Алка — её внучатая племянница. Из города приехала, когда бабка слегла. На всё готовенькое. Не столько за больной ухаживала, сколько по шкафам шарила. Всё прикидывала, за сколько участок с домом продаст.
— Тёть Вер, смотри, — Алка протянула мне кольцо.
Я взяла. Металл тёмный, с глубокими царапинами. Грамм десять тут было, не меньше. Внутри гравировка. Буквы мелкие, кривые, будто гвоздем царапали.
— «Илья. 1941», — прочитала я вслух.
Алка пожала плечами. Сгребла пуговицы обратно в шкатулку. Кольцо сунула в карман спортивных штанов.
— Завтра в ломбард снесу, — брякнула она. — Граммы сейчас дорогие. Тысяч на шестьдесят потянет. Хоть кредитку свою закрою наконец-то.
Я пакет на пол опустила. Руки почему-то затряслись.
— Аля. Это память.
Она обернулась. Зыркнула на меня исподлобья.
— Чья память? Тётка померла. Ей там, под землей, золото без надобности. А у меня долг висит. Сто сорок тысяч рублей.
— Положи обратно.
— Ещё чего. Я тут три недели горшки выносила. Имею право на компенсацию.
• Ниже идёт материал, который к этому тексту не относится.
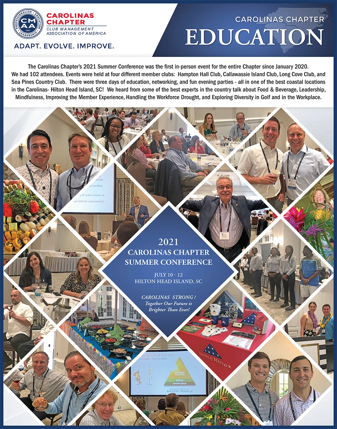 To accomplish this goal, we included events at four different clubs over the Conference's three days so that attendees could enjoy the amenities at as many of our facilities as possible. Additionally, we endeavored to include as many speakers and topics as we could to reinforce the needs of our members post-pandemic, both personally and professionally. We also followed CMAA's new Diversity-Equity-Inclusion initiative by bringing in a keynote speaker on this topic. The attendees responded extremely positively to these offerings and thoroughly enjoyed the opportunities to interact with each other. We always take a survey of attendees after Chapter events, and almost all of the sessions and events of this Conference earned primarily "Excellent" ratings. As always, we based our planning decisions and selections on CMAA's tag line for 2021: Adapt. Evolve. Improve.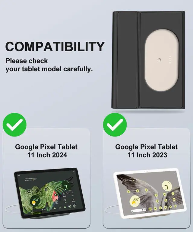 SENGBIRCH for Google Pixel Tablet 11 inch 2023/2024 Keyboard Case - Magetic Keyboard for Pixel Tab Protector Case - Wireless Detachable Keyboard & Soft PU Cover & Rechargeable Battery & Pencil Holder & Adjustable View Angles & Auto Wake/Sleep & Shortcut Keys & Speaker DockExclusively designed for Google Pixel Tablet 11'' 2023&2024 Release Keyboard Case. Not fit any other models. Please check back bottom of your tablet to confirm the model number. Keyboard FunctionallyMagnetically detachable super slim 7mm and light weight bluetooth keyboard with 10M range. And the book cover keyboard tab s9 fe with strong magnetic keyboard gives you a stable platform for typing that won't move easily.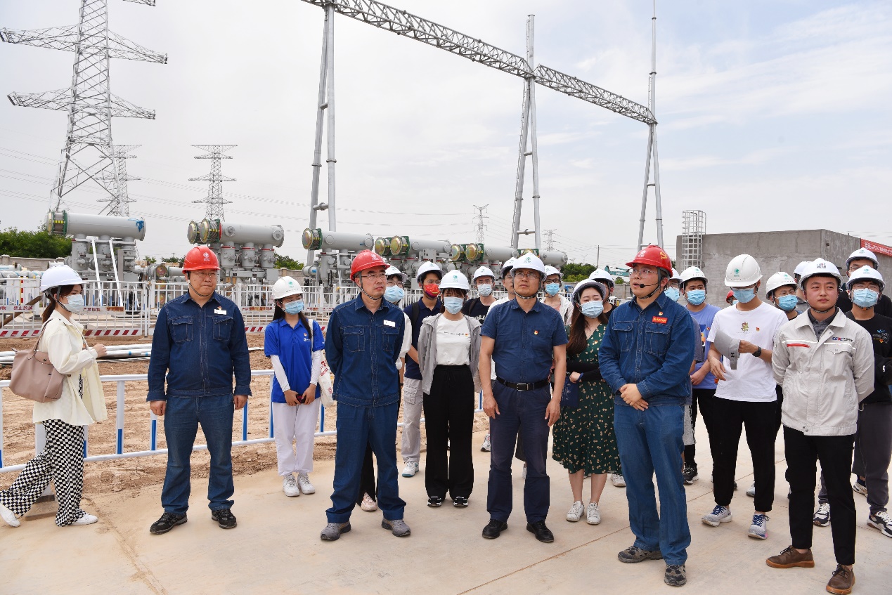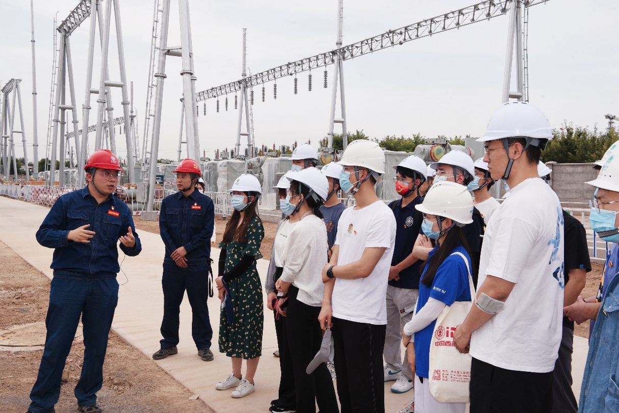 经过相关防疫检查后,各位师生在项目经理范迪的引领下有序参观了咸阳西330千伏输变电工程的建设现状,了解到了工程建设的应用背景及布局规划,同时对施工现场的安全要求和相关设备的基本工作原理有了一定了解,落实了“从书本走入实际”的高校学子培养理念。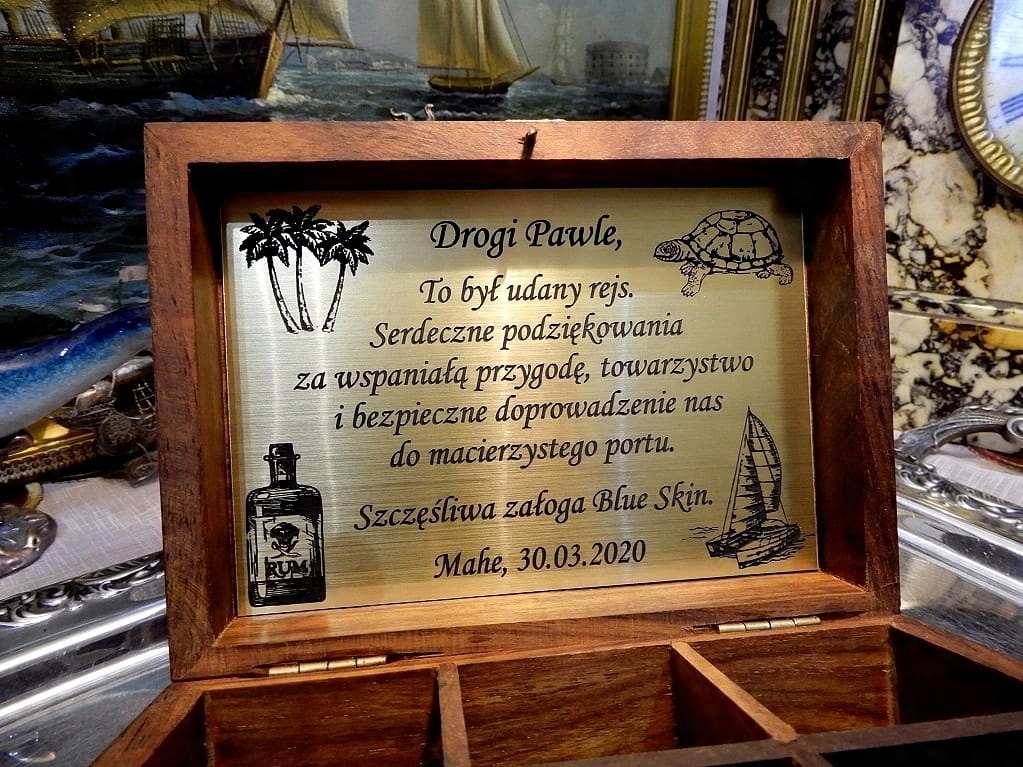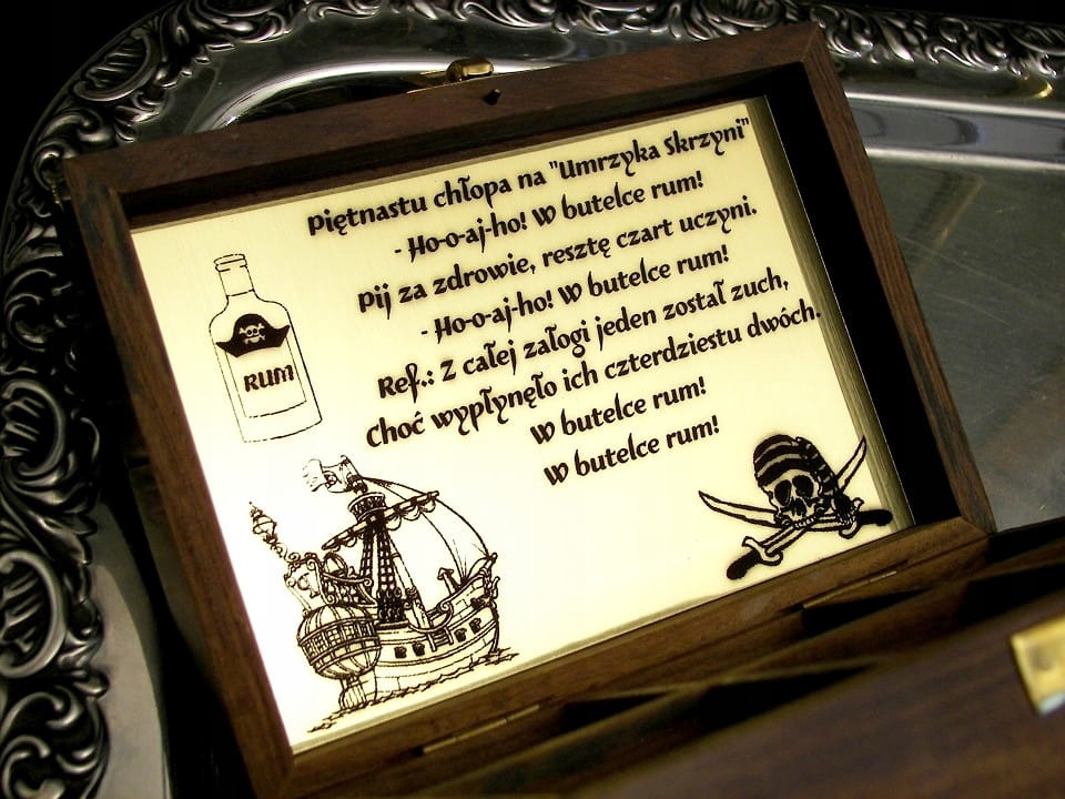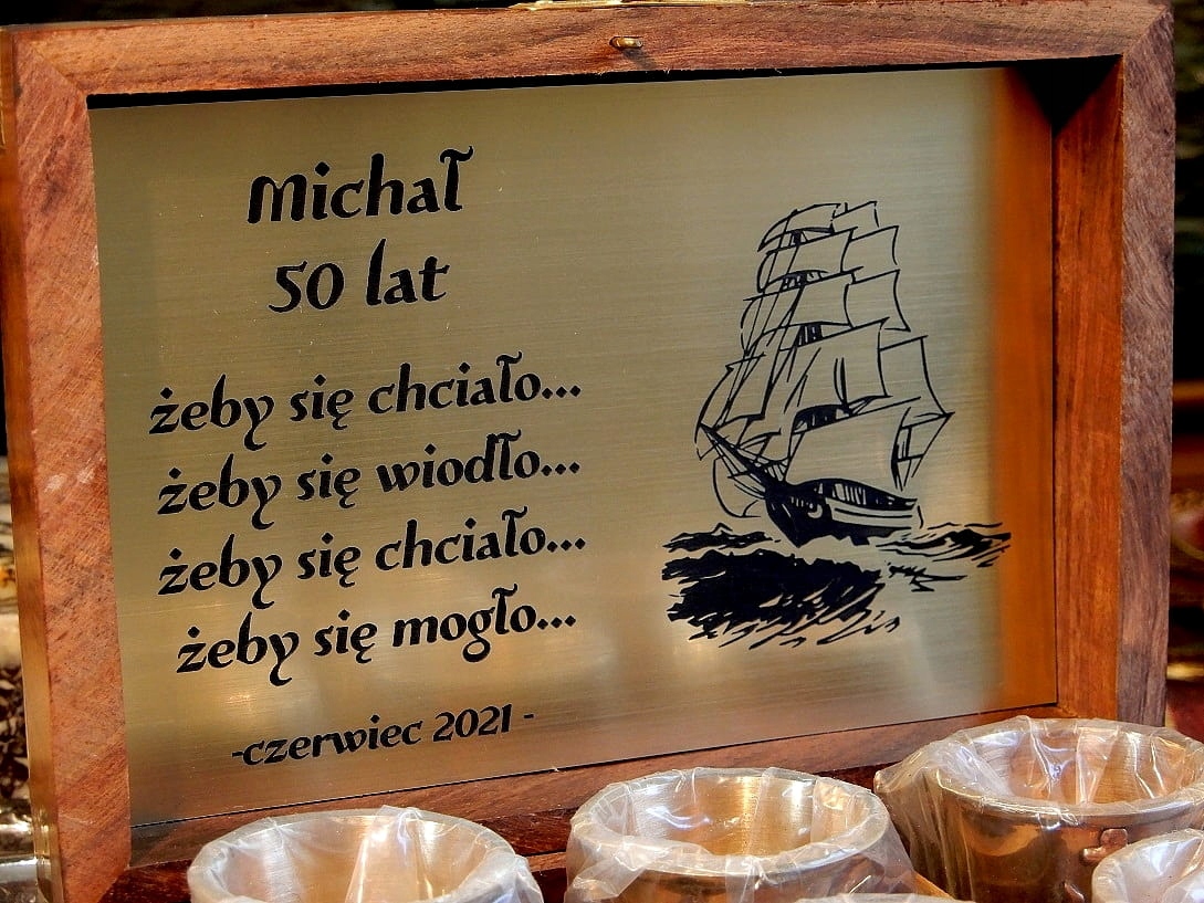 Персоналізація безперечно підвищить сентиментальну цінність цього набору. Гравірування безпосередньо на дереві на гладкій обкладинці або всередині обкладинки на золотому ламінаті. Кількість символів і малюнків не має значення, ціна однакова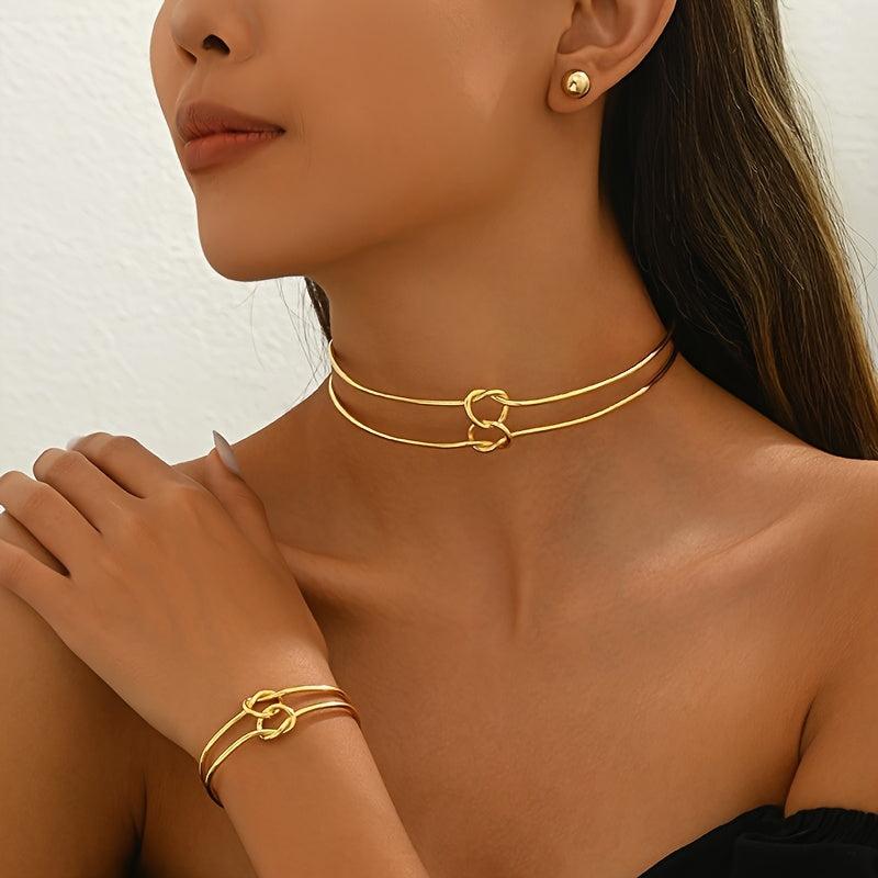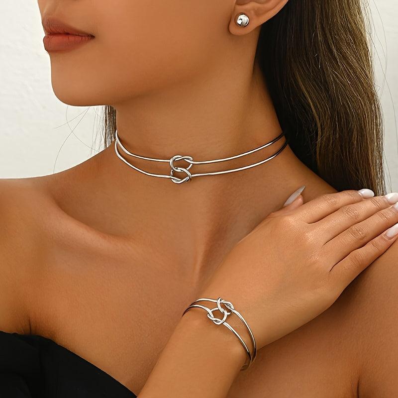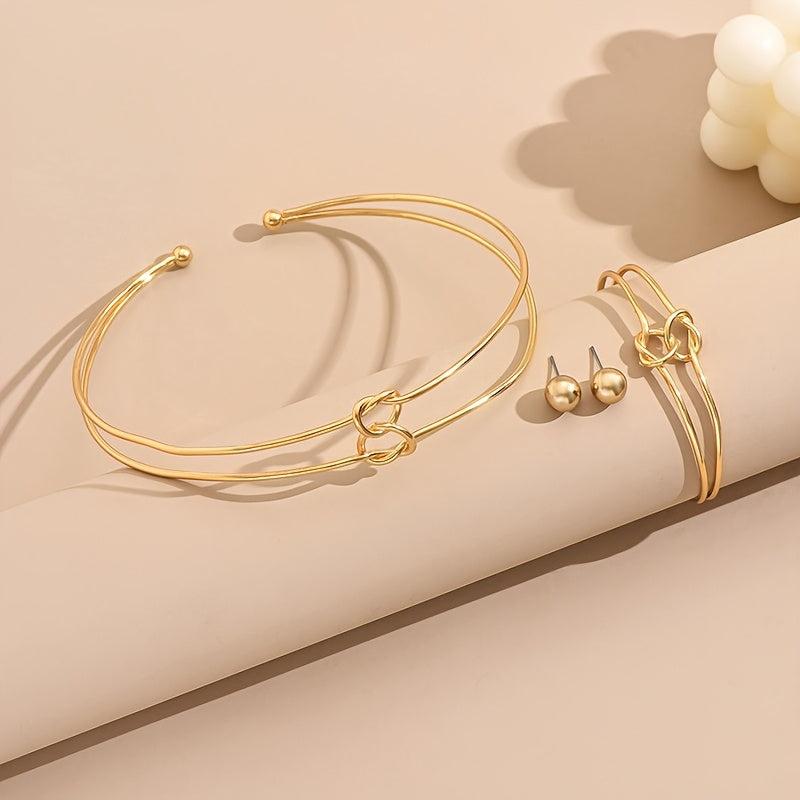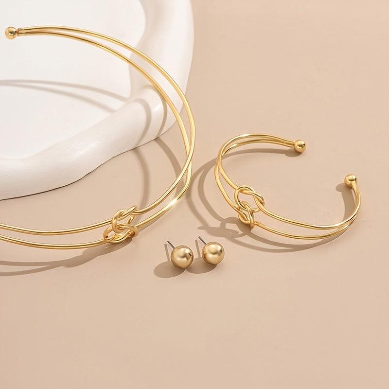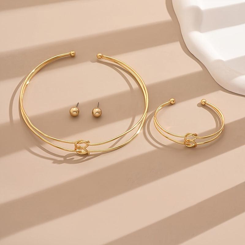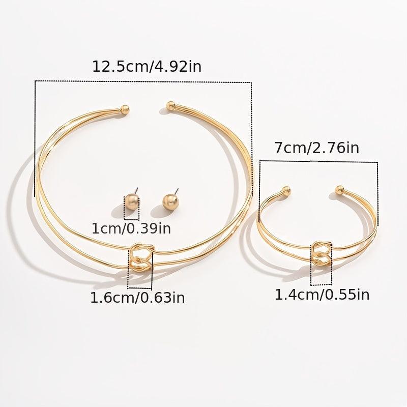 This stylish jewelry set includes earrings, bracelet, and necklace with a geometric design. Perfect for women who love modern accessories.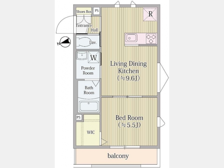 洋室 5.5 畳 1 室 LDK 9.6 畳 1 室 |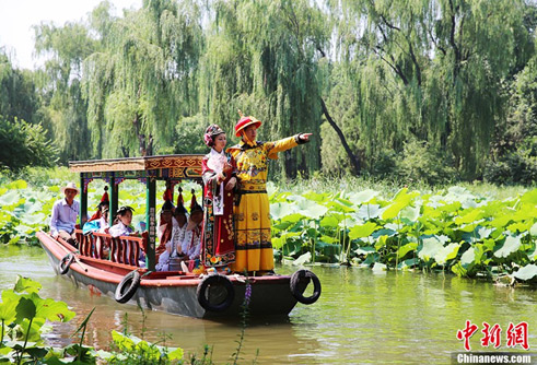 “皇上”攜“甄嬛”泛舟湖上 圓明園內(nèi)賞荷塘美景
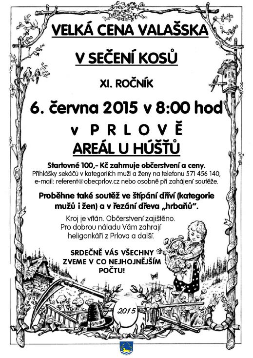V sobotu 6. 6. 2015 se v areálu "U Hůšťů" uskutečnila Velká cena Valašska v sečení kosů! Děkujeme všem, kteří se akce zúčastnili. Děkujeme za spolupráci také MS Březina Prlov, které zajistilo výborné občerstvení!

Алка отвернулась и пошла в комнату. Начала сдирать шторы с окон. Пыль столбом поднялась. Я вышла на крыльцо. Воздух холодный, ноябрьский. Дышать тяжело. Я всё это видела с самого начала. Как Алка вещи в мешки пихала. Как посуду хорошую в багажник своей машины грузила. Ничего не говорила. Её право. Родня всё-таки. Наследница.
Но кольцо. «Илья. 1941».
Дошла до своего двора. Куры у забора копошатся. Взяла ведро, насыпала зерна. А в голове мысли крутятся. Маргарита Львовна никогда про Илью не рассказывала. Да и кто сейчас помнит сорок первый год? В деревне стариков почти не осталось.
К обеду автолавка приехала. Хлеб привезли, крупы, консервы. У машины народ собрался. Баба Нюра стояла, опираясь на клюку. Ей девяносто три уже. Самая старая в деревне. Я подошла. Взяла две буханки черного.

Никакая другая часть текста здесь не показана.